Whoa. How is that possible? She knew they were called the Founding Fathers but she didn't realize they were contemporaries???
And then I started feeling guilty that she had never realized this. What went askew in her history instruction that she saw these as separate threads instead of knowing how they were interwoven? Curriculum design has always interested me and I did my Masters thesis on exactly this subject: creating a chronological story-based U.S. History curriculum and conducting research in my classroom on the results of its implementation.
My mind started to race as I tried to plan the perfect history and geography curriculum for upper elementary and middle school, where everything would be historically accurate and contain a blend of viewpoints and biographies of key players, sophisticated, nuanced, perfectly integrated, seamlessly chronological, and logically developed. No part of the world or major historical event would be omitted and it would all be done so engagingly that a child would remember every detail! Then I stopped. You CAN'T CREATE a perfect curriculum. There will always be gaps and holes. For one thing, new discoveries about history are constantly being made. For another, every part of the world has its own history and therefore the jumping off point would be different for every child. Our entry would be through our local history and that would affect what logically should lead up to it and would follow from it.
Third, children can be exposed to things and still not learn them. Even as an adult, I make new realizations and learn again things I learned before but they didn't stick until I was interested in them and had a context for them. If I can connect them to things I already know, I remember. Look, for example, at the rules for a board game. You can tell me when you first read the directions to me that I can't have more than three traits on a species in Evolution. But when I'm playing the game, and I'm deciding what trait cards to give to my little animals, and you tell me again that I am limited to three, then I will remember. Because I care and I can fit it in with what I'm already learning about the game.
Lastly, in order to learn optimally you need to feel safe. It is crucial that you have your physical and emotional needs met. If you are in your primitive reptilian brain, you won't learn. You need blood flow to that frontal cortex. The key is this: Affective drives cognitive.
For all of these reasons, learning isn't going to be perfect. We aren't robots! You can tell me a fact as many times as you want but it won't always go in.
So here's the fatal flaw in the logic.
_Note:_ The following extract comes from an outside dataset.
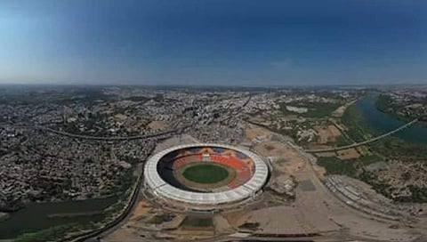 ಫೆಬ್ರವರಿ 24ರಂದು ಡೊನಾಲ್ಡ್ ಟ್ರಂಪ್ ಭಾರತಕ್ಕೆ ಬರುತ್ತಿದ್ದು ವಿಶ್ವದ ಬೃಹತ್ ಕ್ರೀಡಾಂಗಣವನ್ನು ಲೋಕಾರ್ಪಣೆ ಮಾಡಲಿದ್ದಾರೆ. ಹೌಡಿ ಮೋದಿಗೆ ಸಮಾನವಾಗಿ ಮೊಟೆರಾ ಸ್ಟೇಡಿಯಂನಲ್ಲಿ ಕೆಮ್ ಚೊ ಟ್ರಂಪ್ ಕಾರ್ಯಕ್ರಮ ಆಯೋಜನೆಯಾಗಲಿದೆ. ಇನ್ನು ಕ್ರೀಡಾಂಗಣದ ಆಗಸದಿಂದ ಹಿಡಿದಿದ್ದ ಚಿತ್ರವೊಂದನ್ನು ಬಿಸಿಸಿಐ ಟ್ವೀಟ್ ಮಾಡಿತ್ತು.

Designing a "perfect" curriculum would mean that you think that presenting a series of facts in order is teaching and that hearing something once and memorizing it forever is learning. Neither of those premises is true. Learning is individual and haphazard and messy and requires personal engagement. So it's unique to each one of us.
That doesn't keep me from constantly striving to find the best possible learning experiences to present to my children, and buying books constantly, and trying to understand and apply the Waldorf method so that they can have the highest quality education possible. Yesterday I was reading School as a Journey: The Eight-Year Odyssey of a Waldorf Teacher and His Class(I finally figured out that if I put my teacher books in the bathroom I have the best chance of actually reading them all the way to the end) and I loved his introduction to Algebra discussion in 7th grade. He includes a word problem which I have adapted. My changes are in blue.
A farmer has 465 sheep, 3 goats, 2 horses, and 17 pigs. The sheep are divided into three flocks. The second flock has twice as many sheep as the first, and the third flock has fifteen more than three times as many as the first. How many sheep are in each flock. Oh, and the farmer has blue eyes and hates carrots.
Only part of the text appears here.